Bugun...
SON DAKİKA

AĞZIMIZIN TADINI BOZUYORLAR

 Tarih: 16-05-2024 12:47:00
YAŞAR EYİCE

*- HAYATTAN TAT ALMAK

Şimdi de, Ödemişli Altan Beyden şu mesajı aldım:

‘Lüzumsuz insanlara not;

Benim hayatım, benim kararlarım.

Hiç kimseyi ilgilendirmez’

Güzel bir söz!

Bunun daha genişletilmişini A.Zehra Hanım’dan duymuştum:

‘Benim hayatım, benim kararlarım’ a ilave olarak, ‘İstediğimle birlikte yaşarım sana ne?’ falan demişti.

Şaşırdım kaldım.

Söyleşi için önermişler bu nedenle aramıştım.

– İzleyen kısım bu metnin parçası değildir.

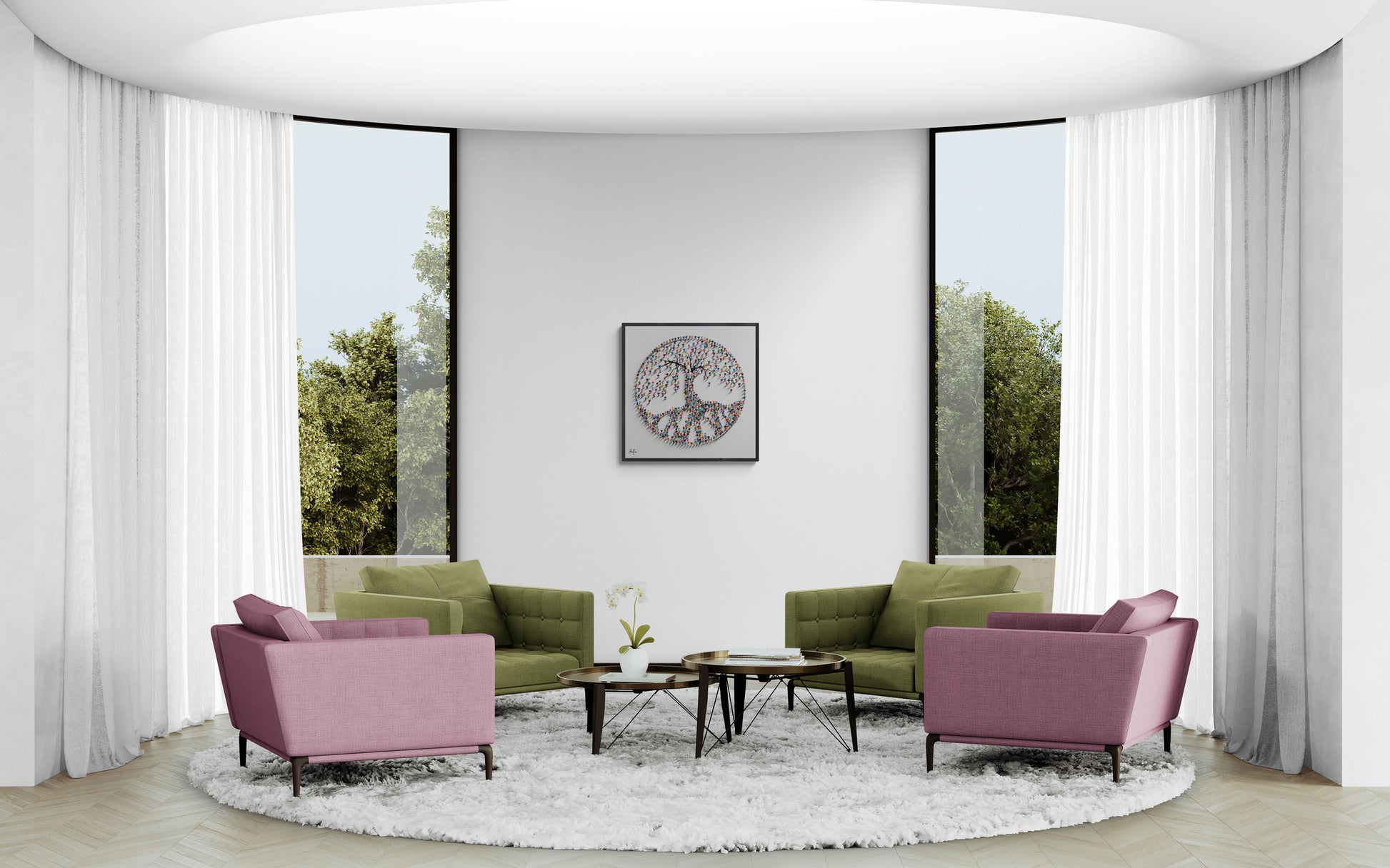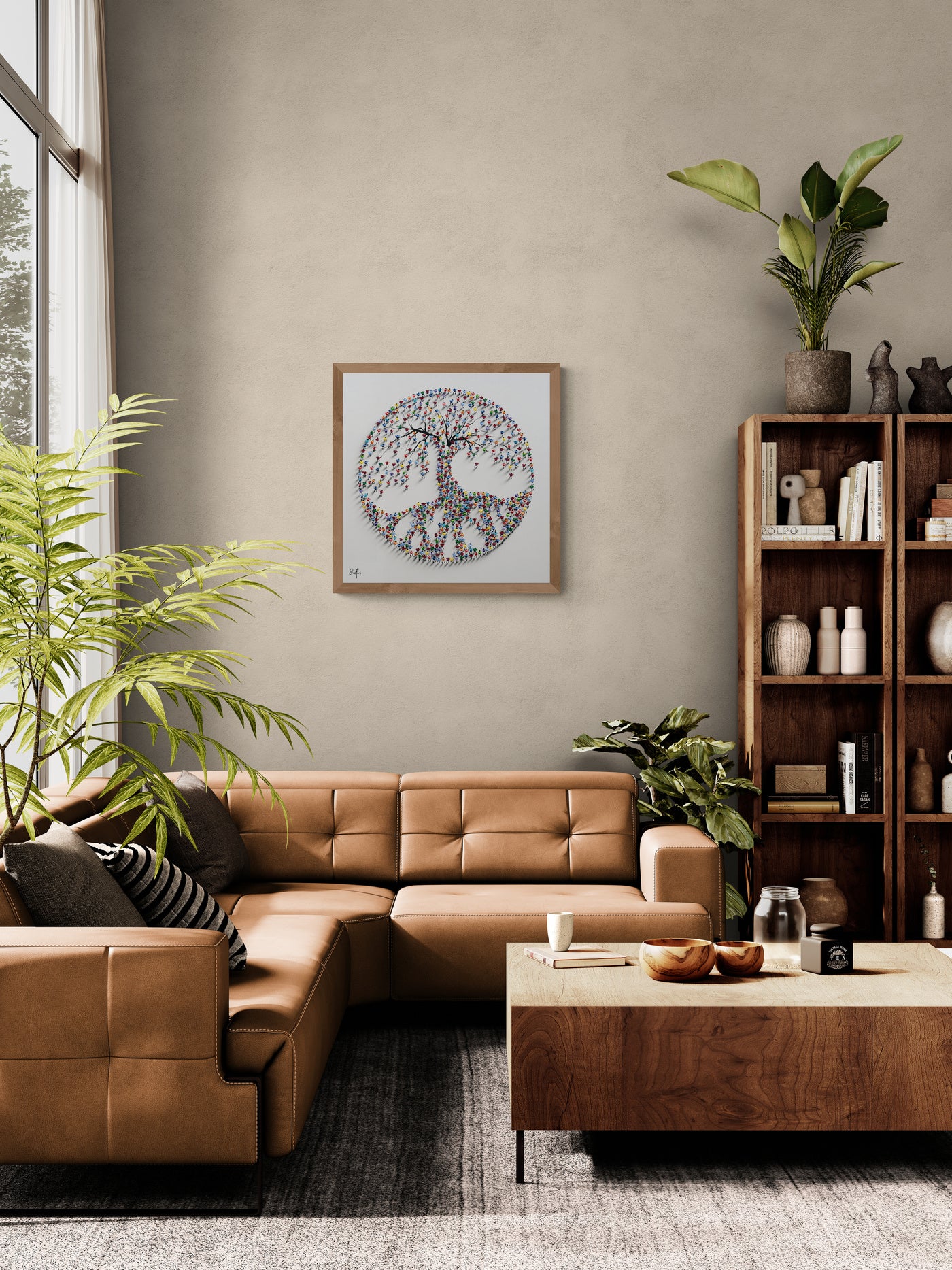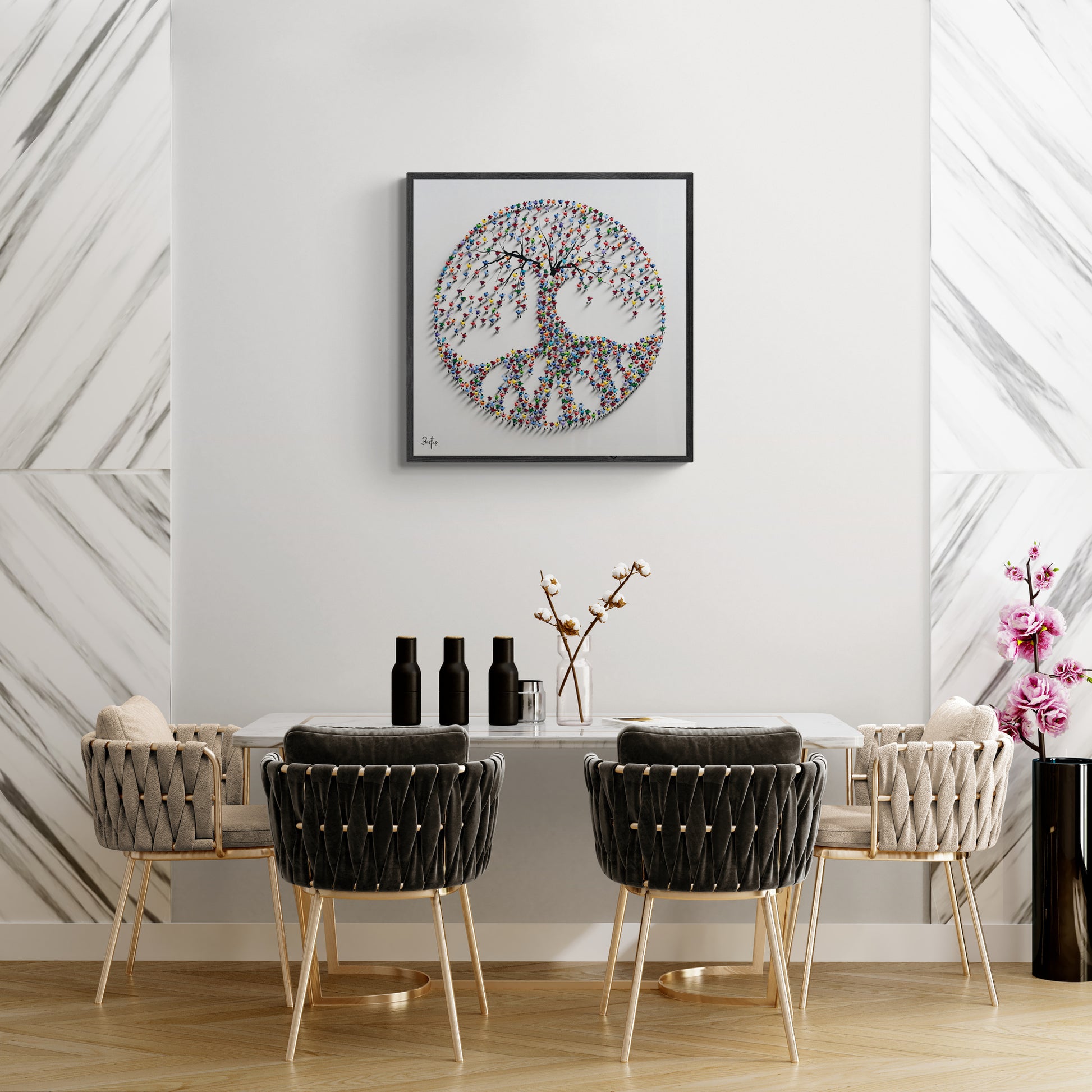 A mesmerizing sculptural artwork where countless vibrant human figures form a majestic tree, symbolizing growth, unity, and connection.
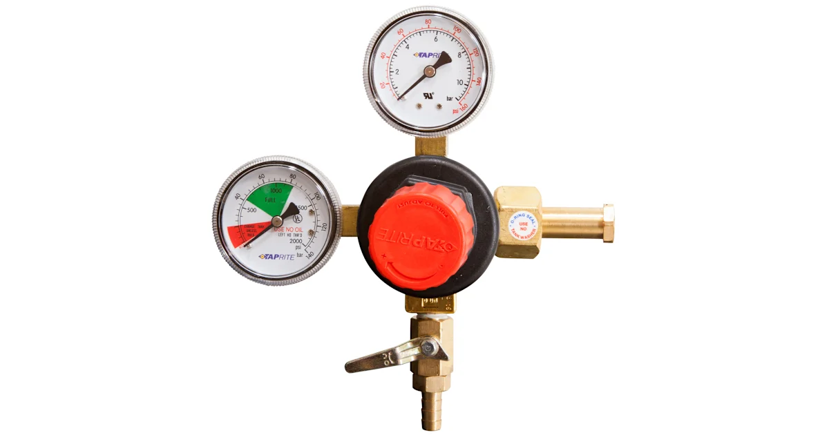Primary CO2 Regulator, 1P1P, High Pressure, High Performance, CGA320 Inlet, 5/16" Barb Shut-off Outlet w/Check, 160lb and 2000lb Gauges
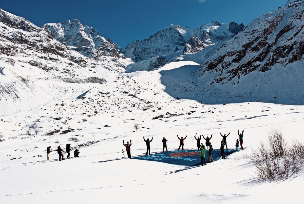 Mit dieser Blache zeigen die Umweltschützer, wo die mögliche Staumauer in der Val Roseg zu stehen kommen könnte. Fotos: Stefanie Wick Widmer
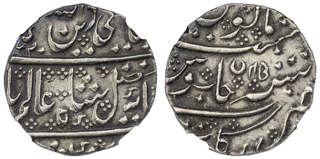NGC AU | French India, in the name of Shah 'Alam II Arcot Rupee, 11.40g, Arkat, AH(12)22 / 45, crescent by regnal year (KM 15), cleaned very fine, in NGC holder, graded NGC AU Details ~ Cleaned (Cert. #6946463-005)
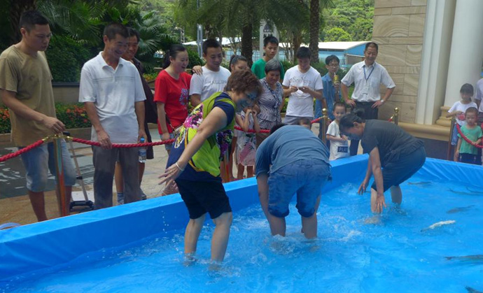 在本次活動中最激動人心的就要數(shù)捕魚達人游戲了,在幾十平方米大的水池,放的都是兩斤以上的大魚,人們紛紛排隊進水池捕魚,只要在限定時間內(nèi)抓到就是自己的啦!!
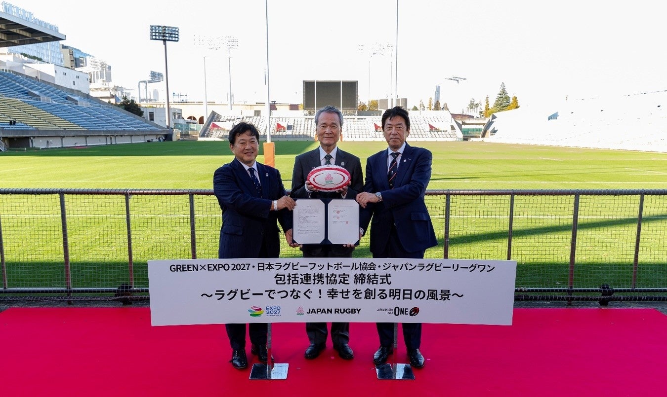 GREEN×EXPO協会(正式名称:公益社団法人2027年国際園芸博覧会協会、会長: 筒井義信、所在地:横浜市中区)は、2025年11月28日(金)に秩父宮ラグビー場にて、公益財団法人日本ラグビーフットボール協会(会長:土田雅人、東京都港区)および一般社団法人ジャパンラグビーリーグワン(理事長:玉塚元一、東京都港区)と共に持続可能な未来の社会づくりを目指す包括連携協定を締結しました。
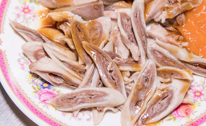 豬眼睛先別怕,這裡的豬眼睛正確應該是眼窩附近的肉,也連著頭骨肉和所謂天梯的豬上顎、嘴巴肉等等,這一盤看起來雜亂的豬眼睛有著不同的脆、不同的軟、不同的滋與味,是許多熟客口中郭家必點的豬雜,要是來得太晚還常常售罄吃不到呢。
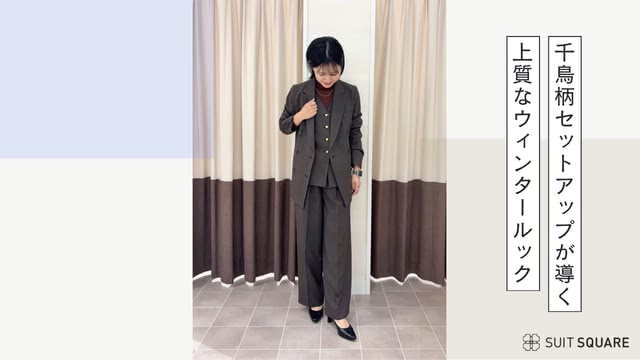 ブラウンの千鳥柄セットアップとハイネックリブニットを重ねた、落ち着きのある冬のきれいめスタイルです。ハイネックリブニットをボルドーから黒に変えるなど、色合わせで雰囲気を簡単にアレンジできるのもおすすめです。
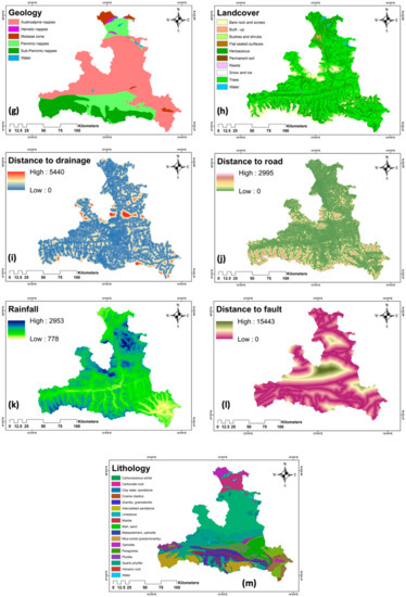 Influencing factors for landslides and floods used in this study: (a) elevation (m), (b) slope, (c) aspect, (d) normalized difference vegetation index (NDVI), (e) topographic wetness index (TWI), (f) stream power index (SPI), (g) geology, (h) land cover, (i) distance to drainage (m), (j) distance to road (m), (k) rainfall, (l) distance to fault, and (m) lithology.
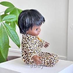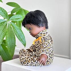 RARE 1969 Shindana Dee Bee baby girl doll African American black straight hair complete cheetah leopard print outfit toy clean VERY pretty doll w/ great face paint makeup, super nice condition plastic rubber head and hands and soft stuffed body in original outfit. About 16 tall toes to top of head.

Telefonunu açmayınca, şansımı bir kez daha denemiş ve açınca da aman Allah’ım ummadığım ne hakaretlere maruz kalmıştım.

Derdimi anlatamadım…

‘Haklısın haklısın!’ deyip durdum ve sonra yüzüme ‘çat!’ diye kapatılan bir telefon sesi..

Yanımda bulunanlara anlattım, ‘Hayırsever’ olarak belirtilen A. Zehra Hanım’ın hayırlarını yazmamı istemişlerdi.

‘Met ettiğiniz bu Hanımağa’nın da, diğer ağalardan farkı yok!’ deyince onlar da benim gibi kızardı…

Ama şu da var;

Hanımağa hayattan tat almayı biliyor!

Ya birine benzetmişti, ya da yanında biri vardı ona hava falan atıyordu…

Benim gibi herhalde birçok kişinin ya da okuyucumun da başına benzer terslikler gelmiştir.

Baksanıza Altan Bey de birilerine benim vasıtamla mesaj gönderiyor.

Unutsun gitsin benim gibi, bizler gibi..

Çünkü;

‘Hayat, çatlak bardaktaki suya benzer,

İçsen de tükenir, içmesen de!

Bu yüzden, hayattan tat almaya bak!

Çünkü yaşasan da bitecek, yaşamasan da!..’

Mutlaka ters çıkanlar tat almasını biliyorlardır, bir şekilde…

Sevgili Altan kardeş de bundan böyle hayattan tat almaya çalışsın, sizler de!

Şarkıda ne deniyor?

‘Ağlama değmez hayat, bu gözyaşlarına!...   

 

*- PARASI ÇIKIŞMADI…

 

Çok önceden yazmıştım.

Şimdi ‘kemerleri sıkma dönemi’ tekrar başlatılıyor ya, ‘Tam zamanı’ diyerek paylaşmak istiyorum.

..Ecevit’tin aşçısı anlatıyor ;

‘Başbakanlık konutuna taşındığında beni çağırıp Evladım burası benim evim ve devlet bana maaş veriyor Bütün yediğimiz içtiğimizin parasını benden alacaksın Sakın ola, devletin tek zeytin tanesi boğazımdan geçmesin!,,’

Başbakan Bülent Ecevit, sözlerini şöyle bitiriyor:

‘Bende çok dikkat edeceğim ama sizden bu konuda çok hassas olmanızı rica ediyorum...’

Bir gün kahvaltı yapılacak peynir yok!

Her nasılsa ihmal edilmiş;

Aşcı anısında olayı şöyle anlatıyor:

‘Gittim, bizzat kendisinden peynir almak için para istedim,

Bütün ceplerini karıştırdı para çıkmadı...

Rahşan Hanım bir tasın içinde o zaman iki buçuk lira buldu verdi… Gözyaşlarıma engel olamamıştım...’

İşte bizim böyle başbakanlarımız, devlet adamlarımız vardı…

İyi mi, kötü mü?

Bunun kararını siz verin beni konuşturtmayın..

 

*- TECAVÜZ SUÇTUR

 

İstanbul Sultanbeyli’de 13 yaşındaki bir çocuğa 15 kişinin tecavüz ettiği davada, sanık Ali Kılıççı ve Fatih Akman’ın avukatı Gülsün Doygun’un, çocuğun okuldaki etek boyunu gündeme getirdiği ve kimliğini kamuoyuyla paylaşmakla tehdit ettiği ortaya çıktı.

Avukatın disipline sevk edilmesi için kampanya başlatıldı.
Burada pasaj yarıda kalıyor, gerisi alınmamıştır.